Wieder zurückrudern?

Ein Sprecher des Unternehmens sagte wohl gestern: „Wir sind uns bewusst, dass Verbindungen zu tragischen historischen Ereignissen hergestellt wurden – auch wenn diese völlig unbeabsichtigt sind – und wir entschuldigen uns für jegliche Verärgerung oder Leid, die dadurch verursacht wurden. Aus diesem Grund überarbeiten wir die Kampagne.“

Irgendwann muss es vorbei sein mit hoch bezahltem „Ups, war doch gar nicht so gemeint“ – vor allem, wenn man gerade einen Skandal ähnlicher Art hinter sich brachte.

Die Erinnerungszeremonie der Opfer von 1972 in Paris im Abseits

Dass nun auch die Erinnerungszeremonie für 1972, die nach Tokyo auch in Paris stattfinden soll, nicht mehr wie geplant im Pariser Rathaus, sondern irgendwo außerhalb stattfindet, ist nur noch ein Tropfen auf dem Geschmäckle, das in den letzten Monaten immer bitterer wurde. Wurde zunächst versucht, das mit Sicherheitsaspekten zu begründen, teilte das Olympische Komitee nun mit, dass sie die nötigen Sondergenehmigungen nicht mehr bekommen würden. Also abschieben.
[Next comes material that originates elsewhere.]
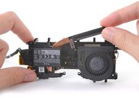 Pull the battery cradle away from the right temple slot to disconnect it.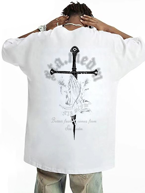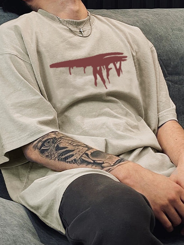 Camiseta extragrande de manga corta con estampado callejero para hombre

Es wird schwieriger, an das Gute zu glauben, an Menschenverstand, Mitgefühl, Sensibilität und ohne schwarz-weiß. Gut, dass dank Thomas Bach die Spiele sowieso nur noch eine Farce sind, geprägt von Macht, Geld und Politik und nichts mehr von dem übrig ist, was sie sein sollten. Doch vielleicht hatten sie schon 1936 ihre Unschuld verloren, wenn nicht dann spätestens 1972.